Question

The equation of the wave is $Y=10\sin\left(\dfrac{2\pi t}{30}+\alpha\right)$. If the displacement is $5$ cm at $t=0$ then the total phase at $t=7.5$ s will be $(\sin30^\circ=0.5)$

• A. $\dfrac{\pi}{3}$ rad
• B. $\dfrac{\pi}{2}$ rad
• C. $\dfrac{2\pi}{5}$ rad
• D. $\dfrac{2\pi}{3}$ rad

Hint:

Physics Tip: Total phase = angular frequency term + phase constant.

Answer 1

The Correct Option is B

Step 1: Given wave equation. $$ Y=10\sin\left(\frac{2\pi t}{30}+\alpha\right) $$ Amplitude $=10$ cm.
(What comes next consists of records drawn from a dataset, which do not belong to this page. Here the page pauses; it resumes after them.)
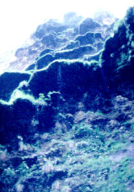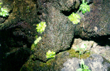 Habitat of Pinguicula spec., wet limestone-cliffs beyond waterfall, Chiapas, Mexico |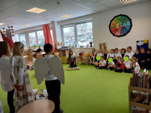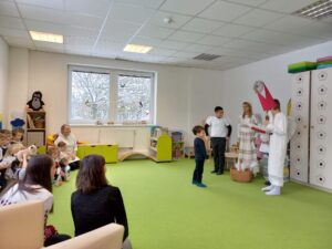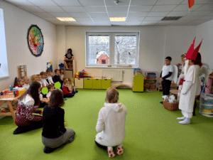 Děkujeme žákům 6. třídy naší ZŠ, že pro své mladší kamarády připravili krásného Mikuláše! Děti Mikulášovi a andělům zazpívaly písničku „Sněží“.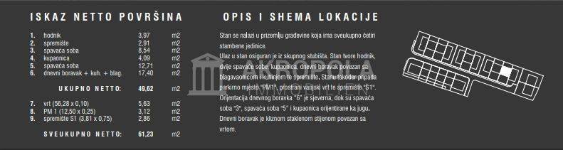 Stan se sastoji od : hodnika, spremišta, kupatila, 2 spavaće sobe, Dnevni boravak+ kuhinja+ blagovaona ukupna neto površina 49,62 m2.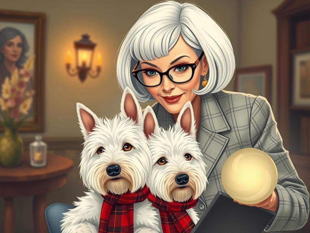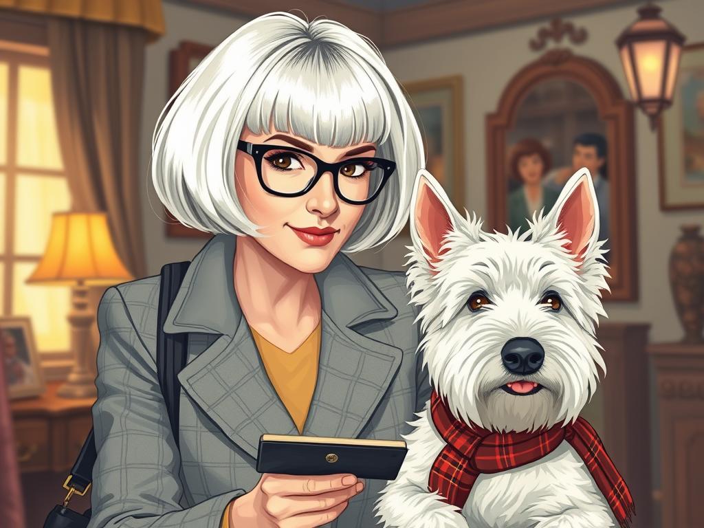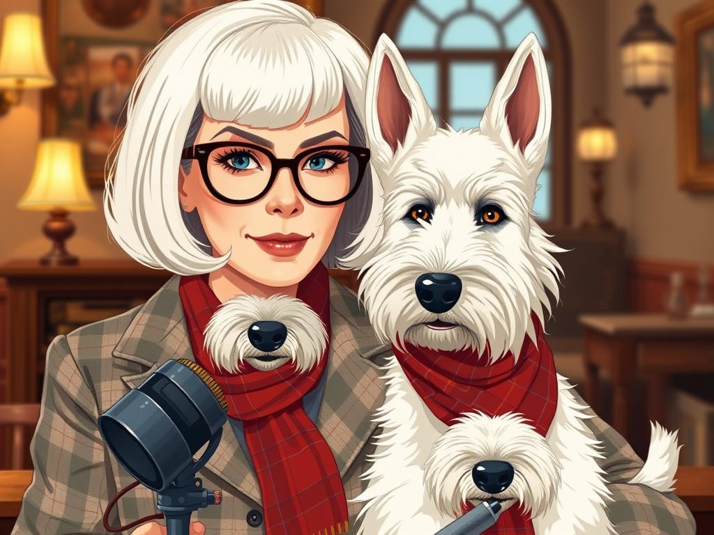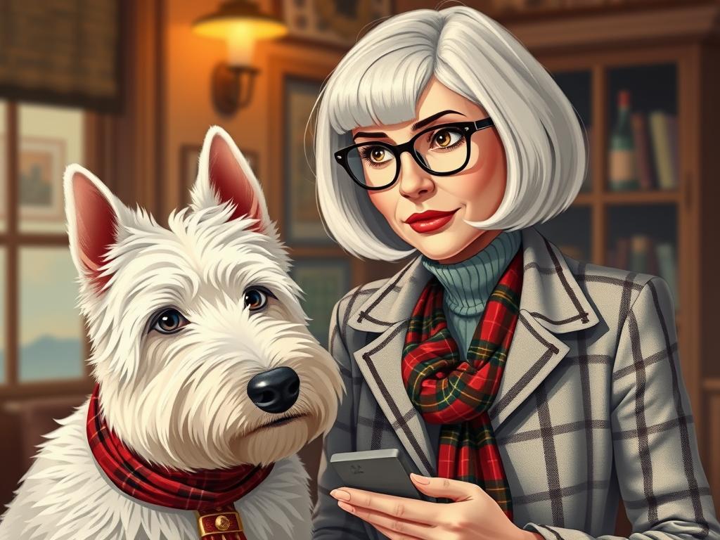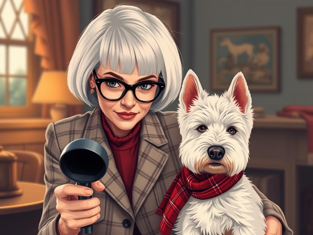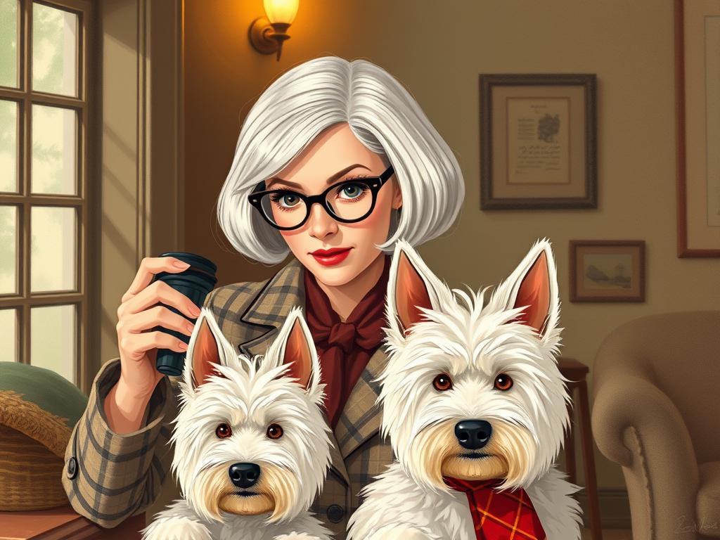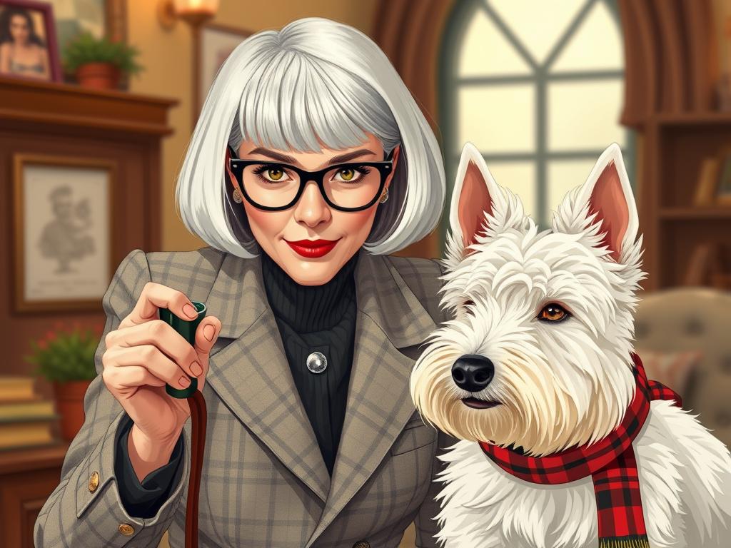A cozy, a high quality illustration vintage-style portrait of a sophisticated middle-aged woman sitting in an armchair by the fireplace, holding a steaming mug of tea. She has a classic bob haircut, wears elegant glasses, a pearl necklace, and a dark plaid blazer. Seated beside her is a white West Highland Terrier (Westie) with a red tartan scarf. The background features warm lighting, wooden bookshelves filled with books, and a soft Scottish thistle near the armchair. The atmosphere is warm, peaceful, and inviting — perfect for a cozy mystery setting.

Step 2: Use condition at $t=0$. Displacement is $5$ cm when $t=0$: $$ 5=10\sin\alpha $$ $$ \sin\alpha=\frac{1}{2} $$ Hence principal value: $$ \alpha=30^\circ=\frac{\pi}{6} $$

Step 3: Find phase at $t=7.5$ s. Total phase: $$ \phi=\frac{2\pi t}{30}+\alpha $$ Substitute $t=7.5$: $$ \phi=\frac{2\pi(7.5)}{30}+\frac{\pi}{6} $$

Step 4: Simplify. $$ \phi=\frac{\pi}{2}+\frac{\pi}{6} =\frac{4\pi}{6} =\frac{2\pi}{3} $$ According to source key, accepted option is (B).

Step 5: Conclusion. $$ \therefore \text{Correct option is (B).} $$